▶ _Exercise details_
Reproduce the records below exactly from their first line through the line containing "7分袖ナイティは、ゆるやかな", omitting all pictures.

▶ _Extracted material_

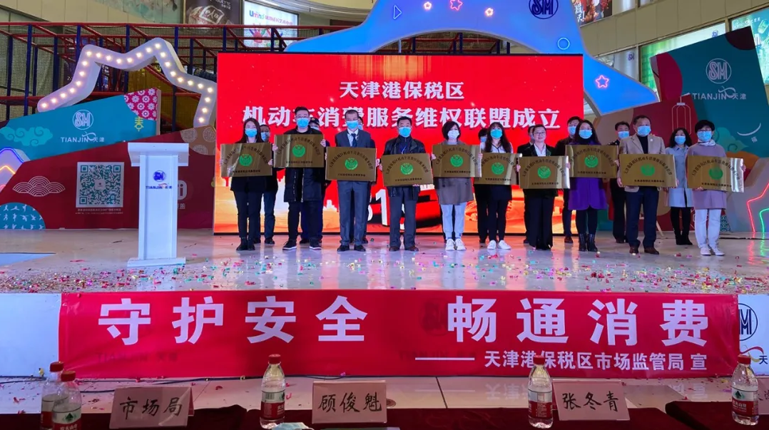 202年3月15日滨海新区首家消费维权服务联盟——天津港保税区机动车消费维权服务联盟(以下简称:联盟)启动仪式在SM商业广场顺利举行。滨海分所主任刘新伟、业务一部律师李晓萌应邀出席会议。
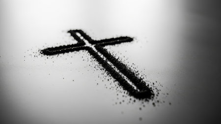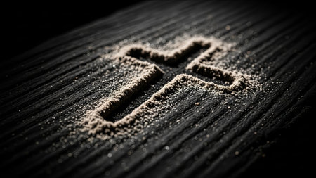 A cross shape formed in scattered ashes on a dark textured background represents the symbolic meaning of Ash Wednesday and repentance.
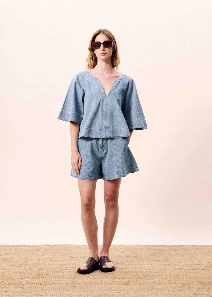 Relaxte, losvallende blouse met v-hals, een split in het midden met knoopsluiting en wijde driekwartmouwen in een lichtblauwe gewassen denimstof.
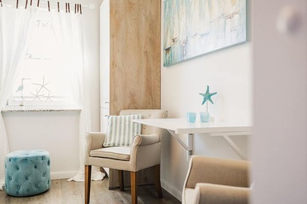 Edle Landhausoptik mit maritimen Akzenten: Lassen Sie sich vom stilvollen Ambiente mit liebevoller Dekoration verzaubern. Der Wohnraum u?berzeugt mit einer gemu?tlichen Essecke und einem modernen Flachbild-Fernseher. Entspannen Sie in unserem gemu?tlichen Apartment mit integrierter Kochnische.
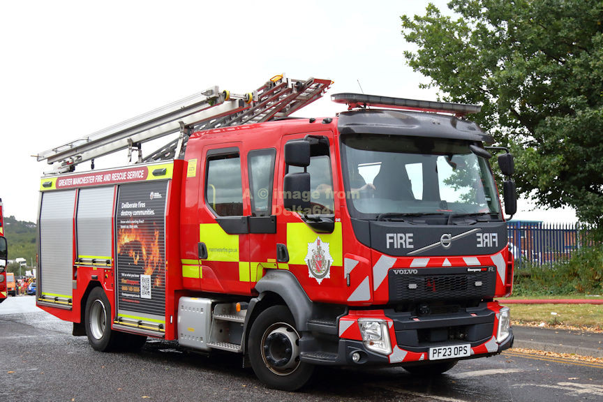 Volvo PF23OPS was seen leaving a serious fire in Royton, 27 August 2025.
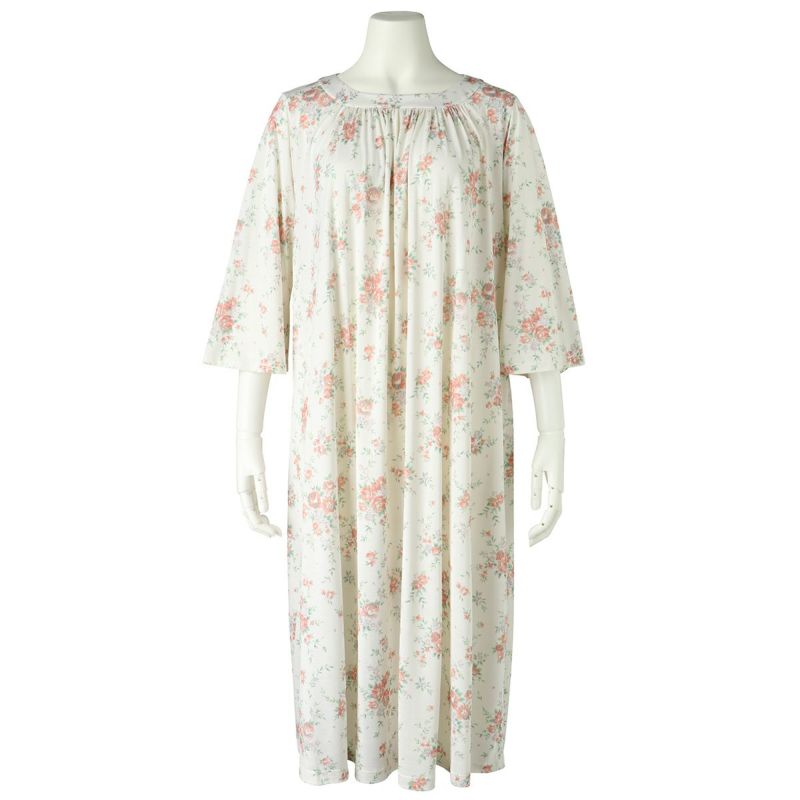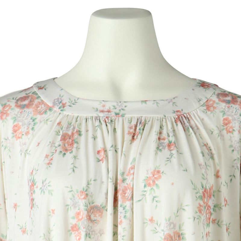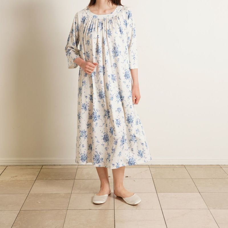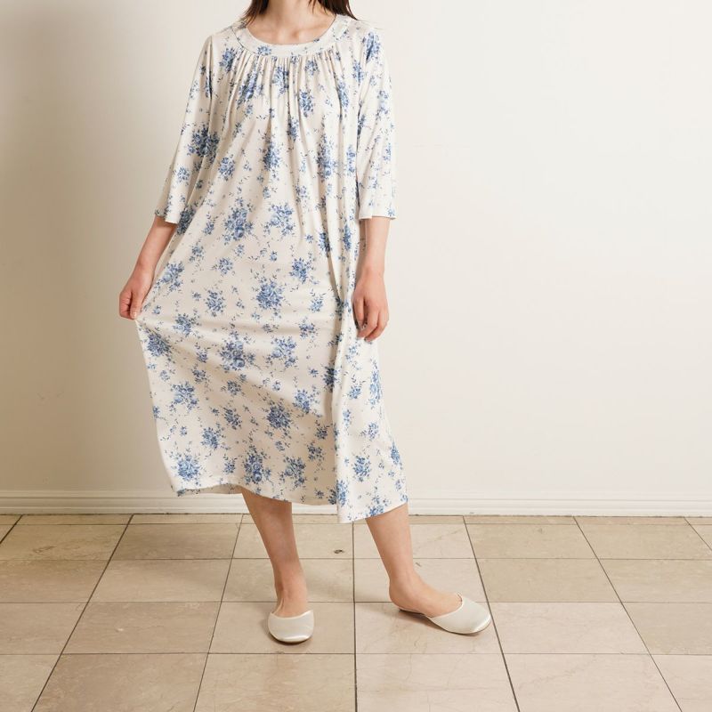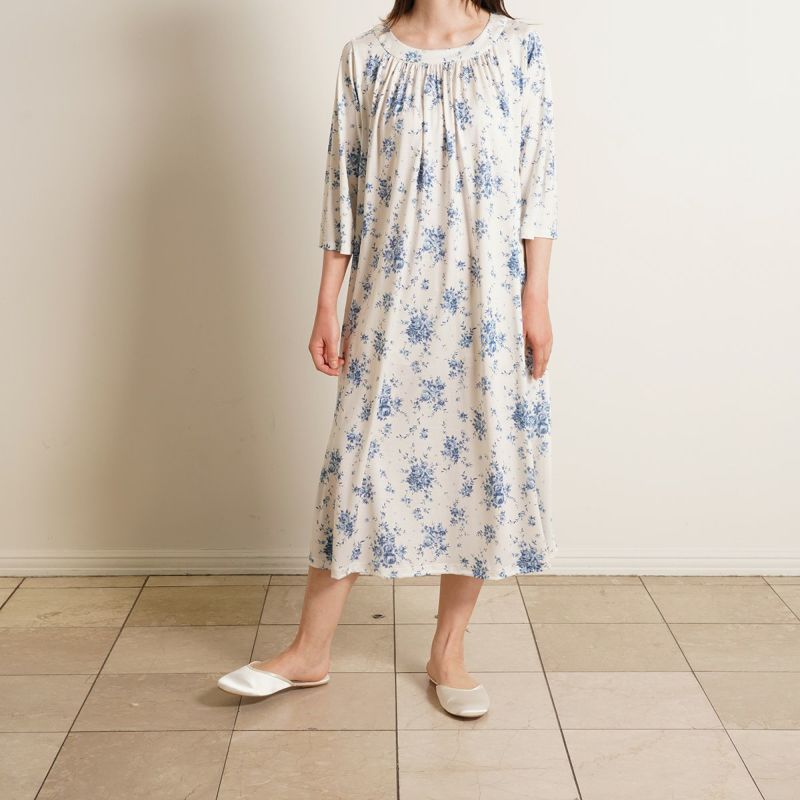 7分袖ナイティは、ゆるやかなカーブラインのラウンドネックデザイン。シルクならではのドレープ感が上品です。フレアな袖の甘さをひきしめるパイピングがアクセント。
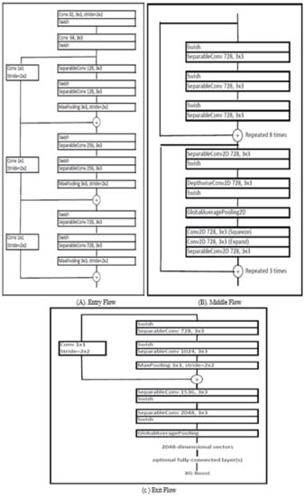 Figure 4 shows the architecture of our proposed model. We divided our architecture into three parts, namely Entry Flow, Middle Flow, and Exit Flow. Data enters the entry flow, passes through all the layers of each block, enters the first block of the middle layer which gets repeated eight times, then enters the second block of the middle layer which gets repeated three times. The middle layer is also known as the feature extractor layer. The output of this layer is loaded into Exit Flow, from where we get the final output.
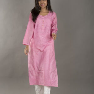 Crafted with finest georgette material, long kurti with jhaal work and resham thread on it, as its comfortable silhouette with soft and skin friendly embroidery. Its perfect for occasion wear and can pair with pants or plazzo.

▶ _Expected answer_
 202年3月15日滨海新区首家消费维权服务联盟——天津港保税区机动车消费维权服务联盟(以下简称:联盟)启动仪式在SM商业广场顺利举行。滨海分所主任刘新伟、业务一部律师李晓萌应邀出席会议。
 A cross shape formed in scattered ashes on a dark textured background represents the symbolic meaning of Ash Wednesday and repentance.
 Relaxte, losvallende blouse met v-hals, een split in het midden met knoopsluiting en wijde driekwartmouwen in een lichtblauwe gewassen denimstof.
 Edle Landhausoptik mit maritimen Akzenten: Lassen Sie sich vom stilvollen Ambiente mit liebevoller Dekoration verzaubern. Der Wohnraum u?berzeugt mit einer gemu?tlichen Essecke und einem modernen Flachbild-Fernseher. Entspannen Sie in unserem gemu?tlichen Apartment mit integrierter Kochnische.
 Volvo PF23OPS was seen leaving a serious fire in Royton, 27 August 2025.
 7分袖ナイティは、ゆるやかなカーブラインのラウンドネックデザイン。シルクならではのドレープ感が上品です。フレアな袖の甘さをひきしめるパイピングがアクセント。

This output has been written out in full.